The highlight of the Fest, though, I saved for last – The Last Matinee, in point of fact, a giallo-throwback set in 1993 about a killer menacing a mostly-empty screening of a crappy Frankenstein flick at an aging Italian movie theater. The gore and stalking are all handled well, but what really sells the movie is the heart that it puts into its sense of place. I said on Letterboxd that I could have just watched these people watch a crappy Frankenstein movie for 90 minutes and been happy, and I wasn’t kidding.

The Last Matinee was also a reminder that the magic of Panic Fest – especially this year – isn’t really the movies at all. It was getting to see some of my Screenland family again, both those who so often go to movies there with me, and those who work behind the bar. As movie theaters themselves have experienced a new constriction in the midst of the COVID-19 pandemic, the pathos of a film like Last Matinee, that is, as much as anything, a love letter to going to the movies, has a special resonance.

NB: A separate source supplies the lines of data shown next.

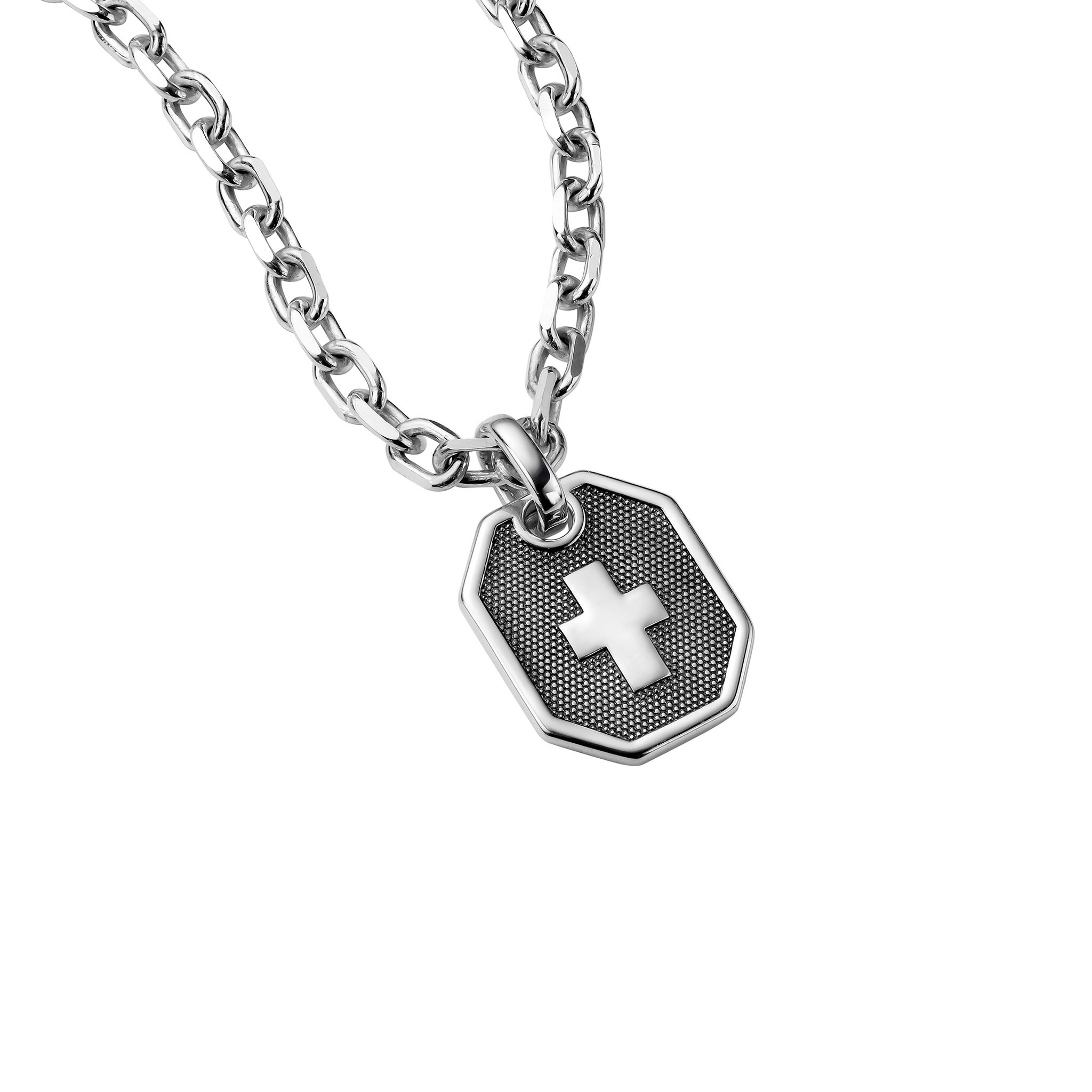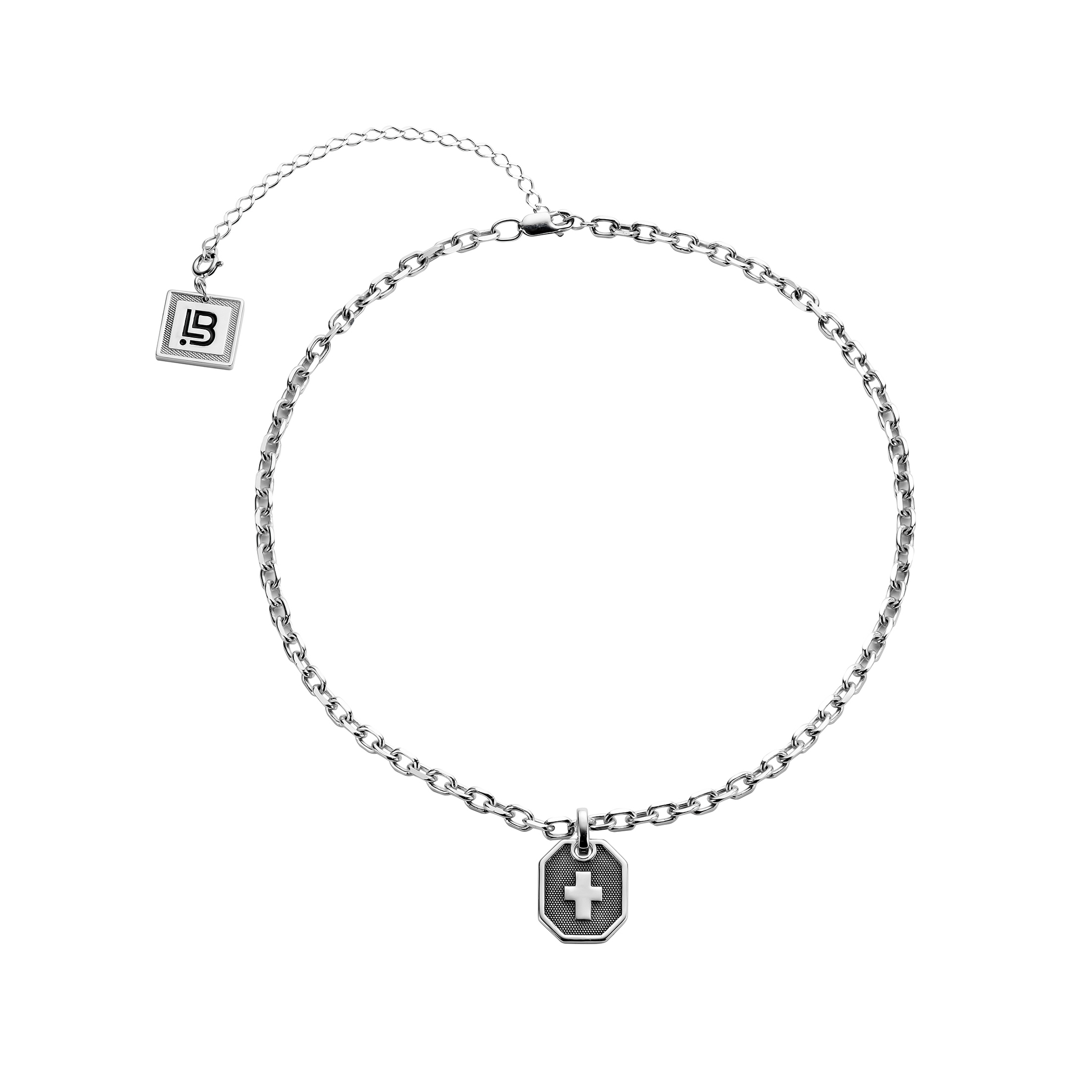Подвес в виде жетона с оригинальной фактурой. Сделан в технике точечного нанесения черного родия, чтобы затемнить поверхность — так крест выглядит эффектнее, а цепочка сияет еще ярче.
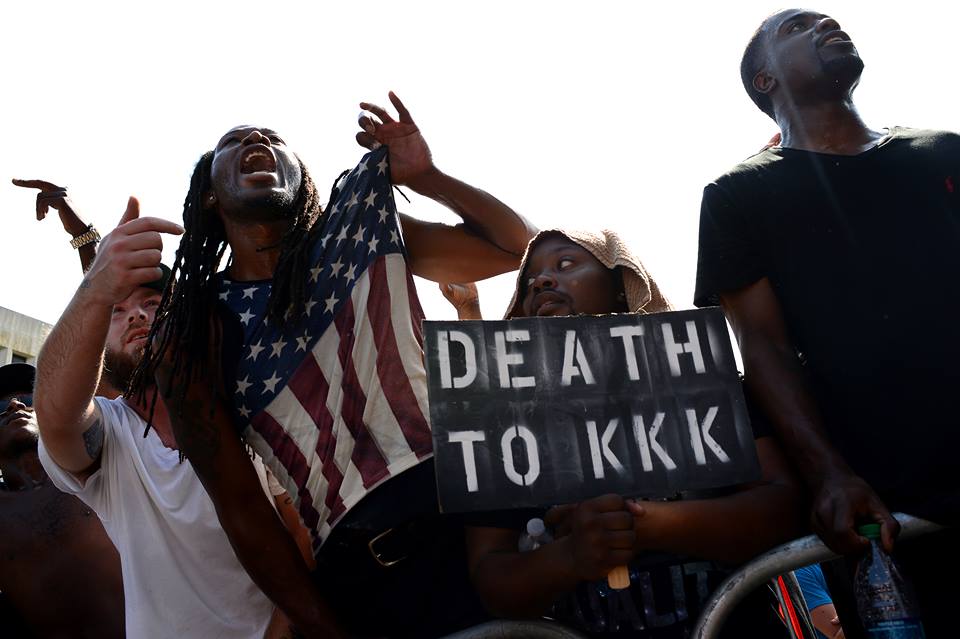 Dueling demonstrations clash as the Klu Klux Klan holds a protest rally on the steps of the S.C. State House building at the same time as a New Black Panther Party rally coupled with other black activist groups, July19, 2015, Columbia, S.C. The KKK held the rally to protest against the removal of the Confederate Flag from the State House grounds which was taken down July 10, 2015. The demonstration groups nearly went head-to-head as both rallies concluded and ended up face-to-face in the streets of downtown Columbia. In this photo young African American men push past medal barricades which are the only thing between them and several KKK members as they shout at the Klan members to leave or die. (U.S. Air Force photo by Staff Sgt. Kenny Holston)
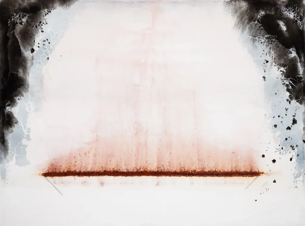 Thin Red Line, Carbon, Rust and Canvas, 62 x 46 x 2 inch, 2024
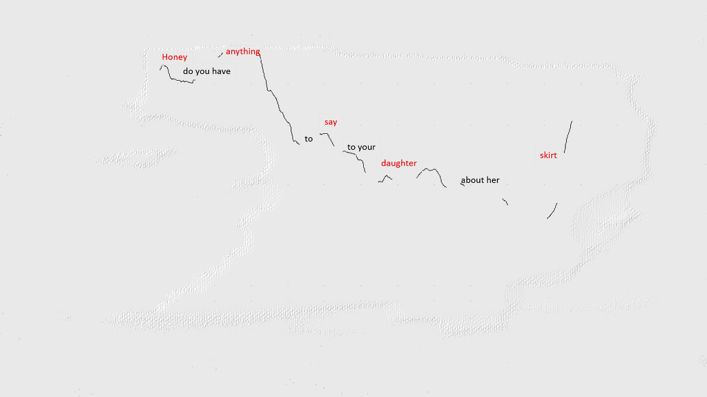 위에서 보시면 anything이 highest pictch이고 나머지 중요한 단어 honey, say, daughter, skirt 에도 stress를 주어 말했다는 것
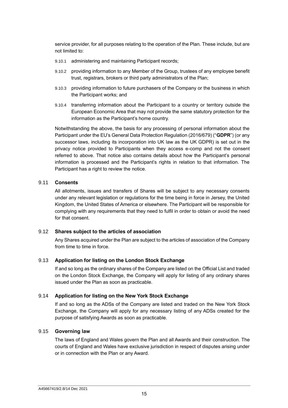 A45667419/2.8/14 Dec 2021 15 service provider, for all purposes relating to the operation of the Plan. These include, but are not limited to: 9.10.1 administering and maintaining Participant records; 9.10.2 providing information to any Member of the Group, trustees of any employee benefit trust, registrars, brokers or third party administrators of the Plan; 9.10.3 providing information to future purchasers of the Company or the business in which the Participant works; and 9.10.4 transferring information about the Participant to a country or territory outside the European Economic Area that may not provide the same statutory protection for the information as the Participant’s home country. Notwithstanding the above, the basis for any processing of personal information about the Participant under the EU’s General Data Protection Regulation (2016/679) (“GDPR”) (or any successor laws, including its incorporation into UK law as the UK GDPR) is set out in the privacy notice provided to Participants when they access e-comp and not the consent referred to above. That notice also contains details about how the Participant’s personal information is processed and the Participant’s rights in relation to that information. The Participant has a right to review the notice. 9.11 Consents All allotments, issues and transfers of Shares will be subject to any necessary consents under any relevant legislation or regulations for the time being in force in Jersey, the United Kingdom, the United States of America or elsewhere. The Participant will be responsible for complying with any requirements that they need to fulfil in order to obtain or avoid the need for that consent. 9.12 Shares subject to the articles of association Any Shares acquired under the Plan are subject to the articles of association of the Company from time to time in force. 9.13 Application for listing on the London Stock Exchange If and so long as the ordinary shares of the Company are listed on the Official List and traded on the London Stock Exchange, the Company will apply for listing of any ordinary shares issued under the Plan as soon as practicable. 9.14 Application for listing on the New York Stock Exchange If and so long as the ADSs of the Company are listed and traded on the New York Stock Exchange, the Company will apply for any necessary listing of any ADSs created for the purpose of satisfying Awards as soon as practicable. 9.15 Governing law The laws of England and Wales govern the Plan and all Awards and their construction. The courts of England and Wales have exclusive jurisdiction in respect of disputes arising under or in connection with the Plan or any Award.
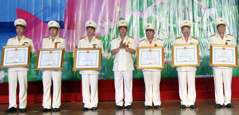 | Thừa ủy nhiệm của Thủ tướng Chính phủ, Đại tá Nguyễn Viết Lợi, Giám đốc CA tỉnh Quảng Nam trao Bằng khen của Thủ tướng cho các cá nhân có thành tích xuất sắc. |
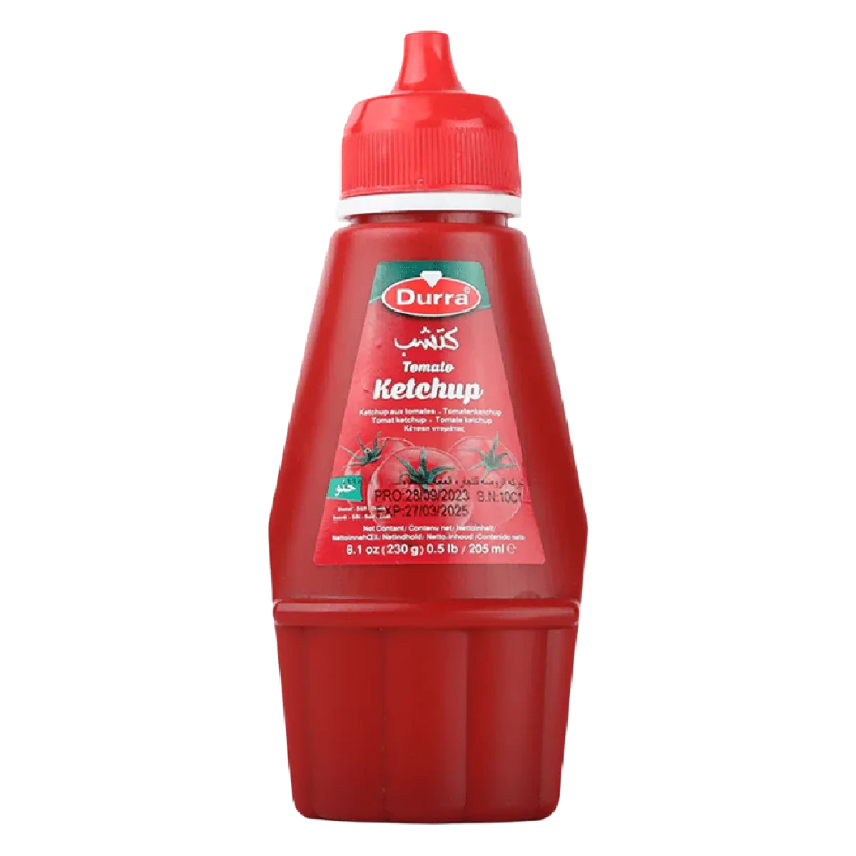كاتشب ذو صلصة حلوة هنية من شركة درة تحلي الطعم وتضفي عليه شكلاً خلاباً خصوصاً ان الكاتشب ذا لون احمر فاقع، حيث أن الكاتشب البارد مصنوع من الطماطم ومن أجود انواع التوابل والبهارات للاستمتاع بمذاق شهي رائع، يضاف الكاتشب البارد الى أطباق المعكرونة والبيتزا، والبطاطا المقلية وغيرها، ويعتبر الكاتشب محبوب الجماهير،يعبأ الكاتشب في عبوة بلاستيكية حمراء محكمة الاغلاق لضمان سلامة المنتج والجودة العالية

Here in Kansas City, our local Alamo Drafthouse has closed down (and good riddance to it, honestly, as it was apparently a wretched hive of scum and worker exploitation) and I’m sure even the bigger chain theaters are feeling the pinch. So far, though, the Screenland has managed to … not thrive, but at least drag itself on. I hope it will continue, because honestly, when it dies, a part of me truly will die with it.